Details:
- Fixed a bug in sdsdot_sub() that redundantly added the "alpha" scalar,
named 'sb'. This value was already being added by the underlying
sdsdot_() function. Thus, we no longer add 'sb' within sdsdot_sub().
Thanks to Simon Lukas Märtens for reporting this bug via #367.
- Fixed a second bug in order of typecasting intermediate products in
sdsdot_(). Previously, the "alpha" scalar was being added after the
"outer" typecast to float. However, the operation is supposed to first
add the dot product to the (promoted) scalar and THEN downcast the sum
to float. Thanks to Devin Matthews for catching this bug.
* Revert "restore bli_extern_defs exporting for now"
This reverts commit 09fb07c350b2acee17645e8e9e1b8d829c73dca8.
* Remove symbols not intended to be public
* No need of def file anymore
* Fix whitespace
* No need of configure option
* Remove export macro from definitions
* Remove blas export macro from definitions
Details:
- Removed explicit reference to The University of Texas at Austin in the
third clause of the license comment blocks of all relevant files and
replaced it with a more all-encompassing "copyright holder(s)".

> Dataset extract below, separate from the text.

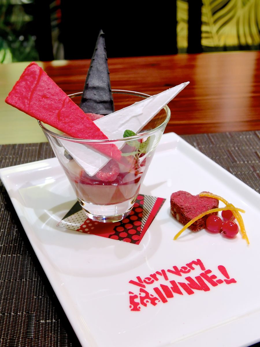 チョコレートゼリーやストロベリームース、ラズベリーのソルベ、バシュランメレンゲが層になったグラスデザート。

- Removed duplicate words ("derived") from a few kernels' license
comment blocks.
- Homogenized license comment block in kernels/zen/3/bli_gemm_small.c
with format of all other comment blocks.
Details:
- Removed four trailing spaces after "BLIS" that occurs in most files'
commented-out license headers.
- Added UT copyright lines to some files. (These files previously had
only AMD copyright lines but were contributed to by both UT and AMD.)

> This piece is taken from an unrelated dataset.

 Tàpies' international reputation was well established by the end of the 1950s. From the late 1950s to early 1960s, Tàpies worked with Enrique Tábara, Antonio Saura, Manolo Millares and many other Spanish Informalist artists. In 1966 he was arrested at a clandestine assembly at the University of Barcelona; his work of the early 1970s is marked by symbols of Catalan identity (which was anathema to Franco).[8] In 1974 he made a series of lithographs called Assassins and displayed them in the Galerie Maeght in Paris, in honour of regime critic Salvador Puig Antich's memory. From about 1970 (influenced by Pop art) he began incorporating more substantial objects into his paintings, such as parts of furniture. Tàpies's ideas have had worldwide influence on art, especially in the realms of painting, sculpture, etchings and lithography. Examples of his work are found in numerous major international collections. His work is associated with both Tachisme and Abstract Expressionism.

- In some files' copyright lines, expanded 'The University of Texas' to
'The University of Texas at Austin'.
- Fixed various typos/misspellings in some license headers.
Details:
- Fixed a compiler warning concerning a type mismatch between the
format specifier of the printf() call in cblas_xerbla.c and its
corresponding (info) argument. The warning manifested when the CBLAS
layer was enabled and the BLAS/CBLAS integer type siwas is set to 64
(the default is 32). The warning was fixed by changing the specifier
from %d to %jd and typecasting the argument to intmax_t. Thanks to
Dave Love for reporting this issue and submitting the patch.
Details:
- Previously, the BLAS routine-generating macro in bla_ger.c was
incorrectly passing MKSTR(ch) into the _check() macro when it
should have been passing in the char that was available, chxy.
I've instead changed the name of the macro parameter from chxy
to ch. Similar change as made to bla_ger.h for consistency.
Thanks to Dave Love in helping track this down. (NOTE: This is
actually the root cause of the bug that was first patched by
increasing the length of the operation name strings passed into
xerbla_(), as defined by the constant BLIS_MAX_BLAS_FUNC_STR_LENGTH,
in 3d1a5a7. In theory, that change could be backed out now.)
- Applied aforementioned chxy->ch change to bla_dot.[ch], as well as
frame/compat/cblas/f77_sub/f77_dot_sub.[ch] (not because it needed
to happen, but for naming consistency).
- Reformatted function signatures/prototypes of CBLAS functions and
function calls to BLAS in frame/compat/cblas/f77_sub/*.c.
Details:
- Added #include statements for certain key BLIS headers so that the
definition of f77_int is pulled in when a user compiles application
code with only #include "cblas.h" (and no other BLIS header). This
is necessary since f77_int is now used within the cblas API.
Details:
- Added #include "bli_config_macro_defs" to all cblas_*.c files in
compat/cblas/src. This has the effect of defining
BLIS_BLAS2BLIS_INT_TYPE_SIZE to the default value if bli_config.h does
not define it. Thanks to Tony Kelman for reporting this bug.
- In cblas_i?amax.c, changed the type of the variable 'iamax' from 'int'
to 'f77_int'. This eliminates a compiler warning and a potential
runtime bug and/or crash when the size of an int differs from the size
of f77_int (as determined by BLIS_BLAS2BLIS_INT_TYPE_SIZE).
Details:
- Added a new section in bli_config.h files of all configurations for
enabling CBLAS support. (Currently, the default is for the CBLAS layer
to be disabled.)
- Added a directory, frame/compat/cblas, to house CBLAS source code. A
subdirectory 'f77_sub' holds subroutine wrappers corresponding to
subroutines found in CBLAS that allow calling some BLAS routines with
the return value passed as the last argument rather than as an actual
(function) return value. This was probably intended to allow CBLAS to
avoid the whole f2c debacle altogether. However, since BLIS does not
assume the presence of a Fortran compiler, we had to provide similar
routines in C.
- A script, integrate-cblas-tarball.sh, is included to streamline the
integration of future revisions of the CBLAS source code.
- The current tarball, cblas.tgz, that was used with the above script to
generate the present set of CBLAS source code is also included.
- Updated blis.h to include necessary CBLAS-related headers.